Extracted information
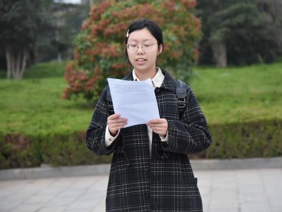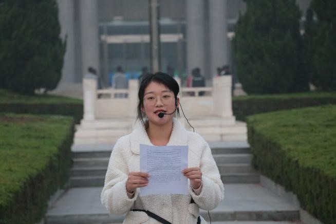 团委副书记郑振亚发言。他表示,国旗是新中国的象征,国歌是最激越的旋律,现如今幸福祥和的生活正是英雄前辈浴血奋战的结果。他强调,祖国取得的辉煌成就来之不易,作为河大学子,在中华民族伟大复兴的征程中,应当用实际行动书写当代大学生的正确价值观,为祖国的发展贡献青春力量。2020级世界史专业学生代表文曲星作国旗下演讲。她举出独龙族的实例,阐明了中国共产党始终秉持“一个民族都不能少”的原则,带领各少数民族不断发展迈向小康的初心,河大学子作为新时代青年,更应传承百折不挠、自强不息的精神,为实现中华民族的伟大复兴而拼搏奋斗。
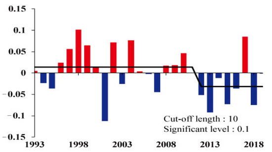 The KCI showed a positive anomaly (strong velocity) before 2010 and a rapidly decreasing current velocity pattern after 2010 (Figure 3). The STAR analysis results also showed that step change in the KCI was detected in 2010 (Figure 3). These fluctuations in the KCI were related to the longitudinal shift in the main axis of the Kuroshio Current (r = 0.55, p < 0.01). The analysis of the correlation coefficient between the longitudinal shift in the main axis of the Kuroshio Current and surface current velocity around the ECS revealed that the surface current velocity around the Ryukyu Islands, which are located in the main stream of the Kuroshio Current, has a positive relationship with the longitudinal shift in the main axis of the Kuroshio Current (Figure 4). In contrast, the western part of the Kuroshio Current mainstream had a negative relationship with the longitudinal shift in the main axis of the Kuroshio Current (Figure 4), implying that when the Kuroshio velocity was high, the main axis of the Kuroshio Current migrated eastward. However, when the Kuroshio velocity was low, it moved westward.
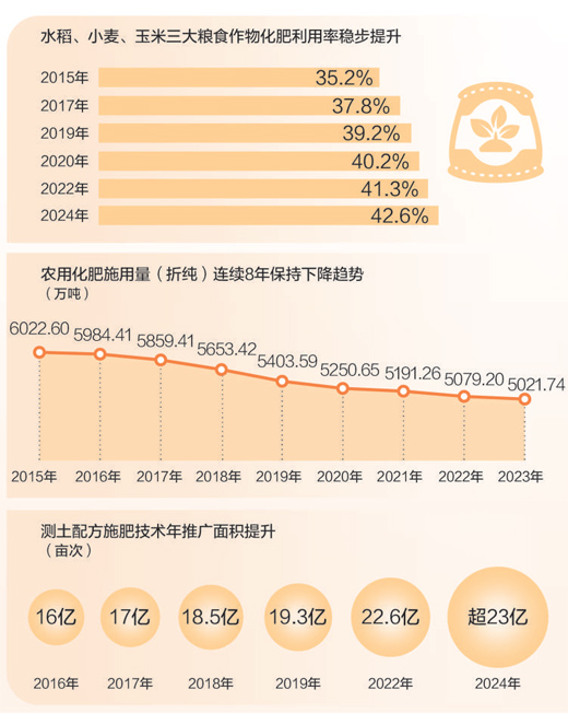 2024年,我國水稻、小麥、玉米三大糧食作物化肥利用率為42.6%,比2022年提高1.3個百分點?;世寐?,即化肥被作物吸收利用的比例,反映了化肥在農(nóng)業(yè)生產(chǎn)中的有效利用程度。科學施肥效果提升,折射農(nóng)業(yè)發(fā)展方式之變。
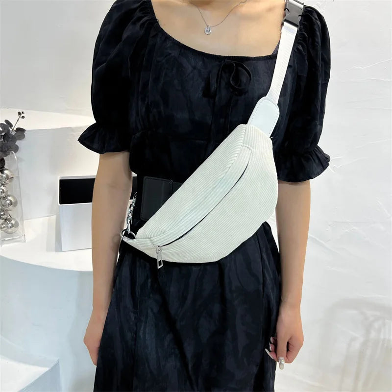This waist bag is made of high-quality corduroy material, perfect for women on the go. It can be worn as a fanny pack, chest bag, or crossbody bag.
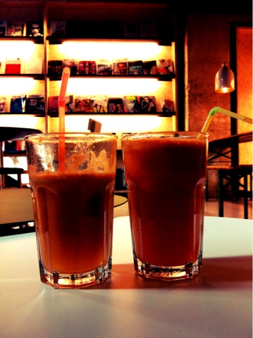 Lo celebramos por todo lo alto, es decir, una comida en mi tiempo libre del trabajo (para más no daba), en MAGASAND, ya que nuestros cuerpos necesitaban vitaminas, y qué mejor que un combinado para enchufarse tod la verdura y fruta con unos simples tragos????
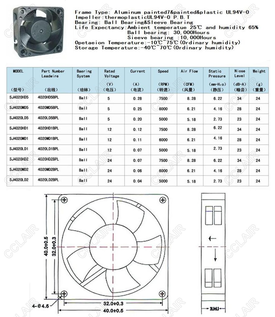 SJ4020HD5,SJ4020MD5,SJ4020LD5,SJ4020HD1,SJ4020MD1,SJ4020LD1,SJ4020,SANJI DC軸流風機
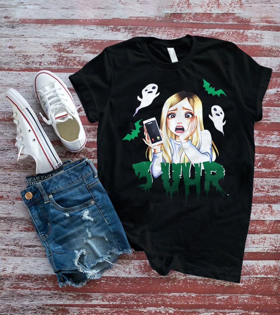 The Rebekah Wing 3 Uhr Nachts Ghosts and Bats Phone Scare Shirt offers a regular fit. Made from 100% ring-spun cotton that is pre-shrunk to help maintain size and shape after washing. Features reinforced construction details for durability. Available in U.S. standard sizes S-5XL to accommodate various body types.
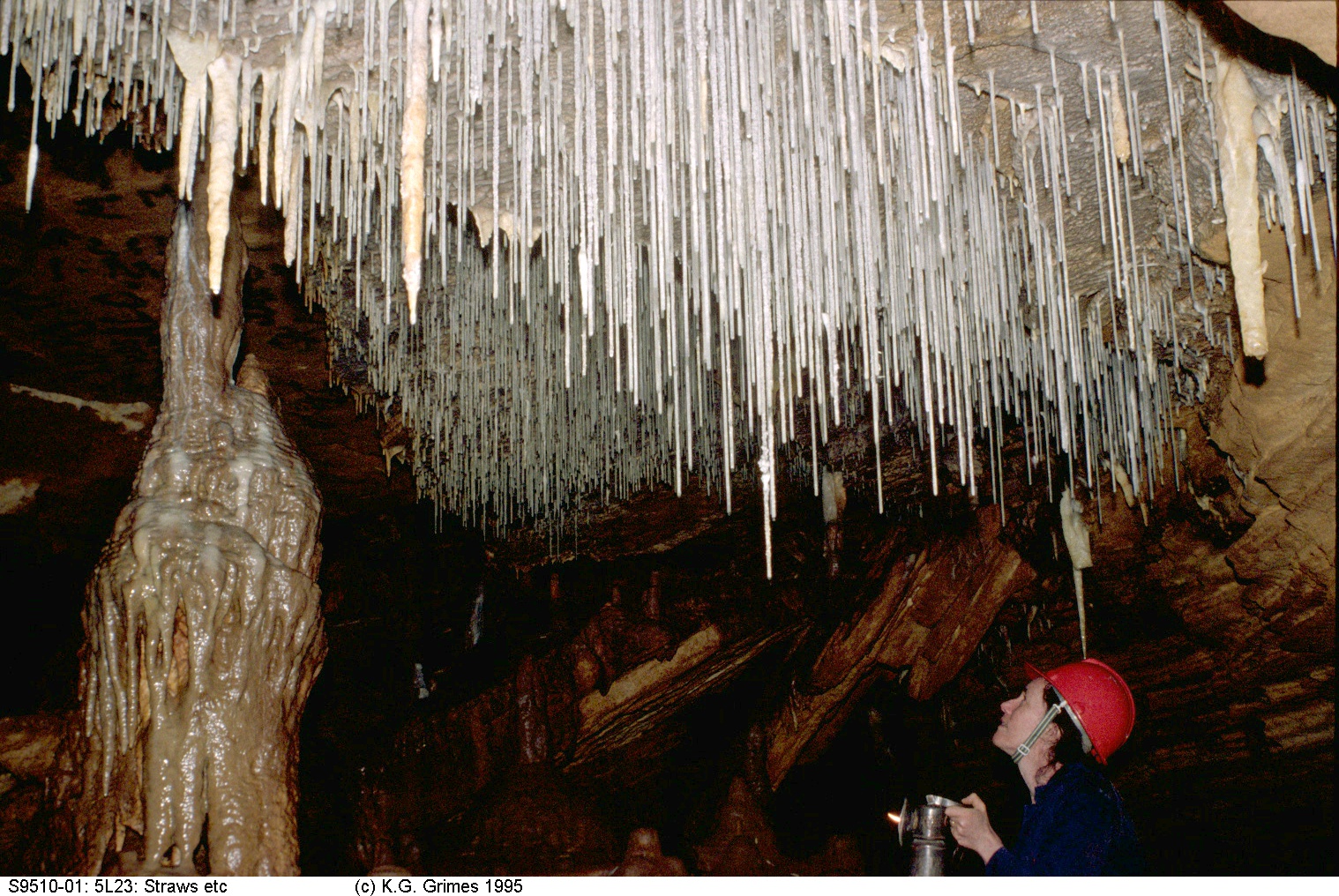 Moonmilk is common in the caves. Possibly a result of the porous host rock S9503_03.jpg |
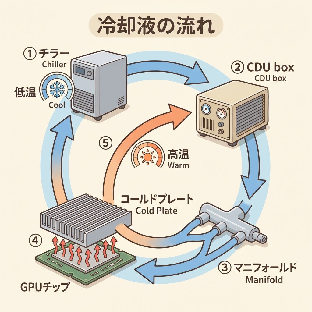 ③ 冷却液の流れ:チラー→CDU(一次側と二次側で熱交換)→マニフォールド→コールドプレート(チップの熱を吸収)→CDUに戻る、の循環。
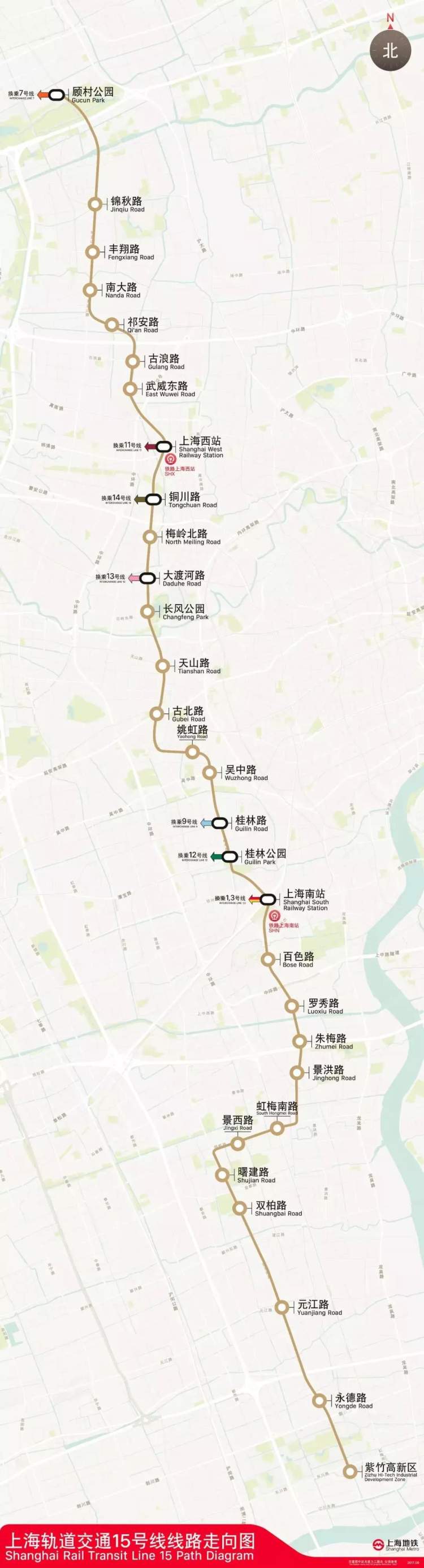 15号线从北往南穿越5个行政区,全长约42.3公里,途经宝山、普陀、长宁、徐汇、闵行5个行政区,起自宝山顾村公园,止于闵行紫竹高新区。竣工运行后将大大改善上海西部地区南北向交通,加强城市西部内外环线间的交通运力。

Your goal
Extract every line of the data exactly; pictures stay out.

Exercise answer
 团委副书记郑振亚发言。他表示,国旗是新中国的象征,国歌是最激越的旋律,现如今幸福祥和的生活正是英雄前辈浴血奋战的结果。他强调,祖国取得的辉煌成就来之不易,作为河大学子,在中华民族伟大复兴的征程中,应当用实际行动书写当代大学生的正确价值观,为祖国的发展贡献青春力量。2020级世界史专业学生代表文曲星作国旗下演讲。她举出独龙族的实例,阐明了中国共产党始终秉持“一个民族都不能少”的原则,带领各少数民族不断发展迈向小康的初心,河大学子作为新时代青年,更应传承百折不挠、自强不息的精神,为实现中华民族的伟大复兴而拼搏奋斗。
 The KCI showed a positive anomaly (strong velocity) before 2010 and a rapidly decreasing current velocity pattern after 2010 (Figure 3). The STAR analysis results also showed that step change in the KCI was detected in 2010 (Figure 3). These fluctuations in the KCI were related to the longitudinal shift in the main axis of the Kuroshio Current (r = 0.55, p < 0.01). The analysis of the correlation coefficient between the longitudinal shift in the main axis of the Kuroshio Current and surface current velocity around the ECS revealed that the surface current velocity around the Ryukyu Islands, which are located in the main stream of the Kuroshio Current, has a positive relationship with the longitudinal shift in the main axis of the Kuroshio Current (Figure 4). In contrast, the western part of the Kuroshio Current mainstream had a negative relationship with the longitudinal shift in the main axis of the Kuroshio Current (Figure 4), implying that when the Kuroshio velocity was high, the main axis of the Kuroshio Current migrated eastward. However, when the Kuroshio velocity was low, it moved westward.
 2024年,我國水稻、小麥、玉米三大糧食作物化肥利用率為42.6%,比2022年提高1.3個百分點?;世寐?,即化肥被作物吸收利用的比例,反映了化肥在農(nóng)業(yè)生產(chǎn)中的有效利用程度。科學施肥效果提升,折射農(nóng)業(yè)發(fā)展方式之變。
This waist bag is made of high-quality corduroy material, perfect for women on the go. It can be worn as a fanny pack, chest bag, or crossbody bag.
 Lo celebramos por todo lo alto, es decir, una comida en mi tiempo libre del trabajo (para más no daba), en MAGASAND, ya que nuestros cuerpos necesitaban vitaminas, y qué mejor que un combinado para enchufarse tod la verdura y fruta con unos simples tragos????
 SJ4020HD5,SJ4020MD5,SJ4020LD5,SJ4020HD1,SJ4020MD1,SJ4020LD1,SJ4020,SANJI DC軸流風機
 The Rebekah Wing 3 Uhr Nachts Ghosts and Bats Phone Scare Shirt offers a regular fit. Made from 100% ring-spun cotton that is pre-shrunk to help maintain size and shape after washing. Features reinforced construction details for durability. Available in U.S. standard sizes S-5XL to accommodate various body types.
 Moonmilk is common in the caves. Possibly a result of the porous host rock S9503_03.jpg |
 ③ 冷却液の流れ:チラー→CDU(一次側と二次側で熱交換)→マニフォールド→コールドプレート(チップの熱を吸収)→CDUに戻る、の循環。
 15号线从北往南穿越5个行政区,全长约42.3公里,途经宝山、普陀、长宁、徐汇、闵行5个行政区,起自宝山顾村公园,止于闵行紫竹高新区。竣工运行后将大大改善上海西部地区南北向交通,加强城市西部内外环线间的交通运力。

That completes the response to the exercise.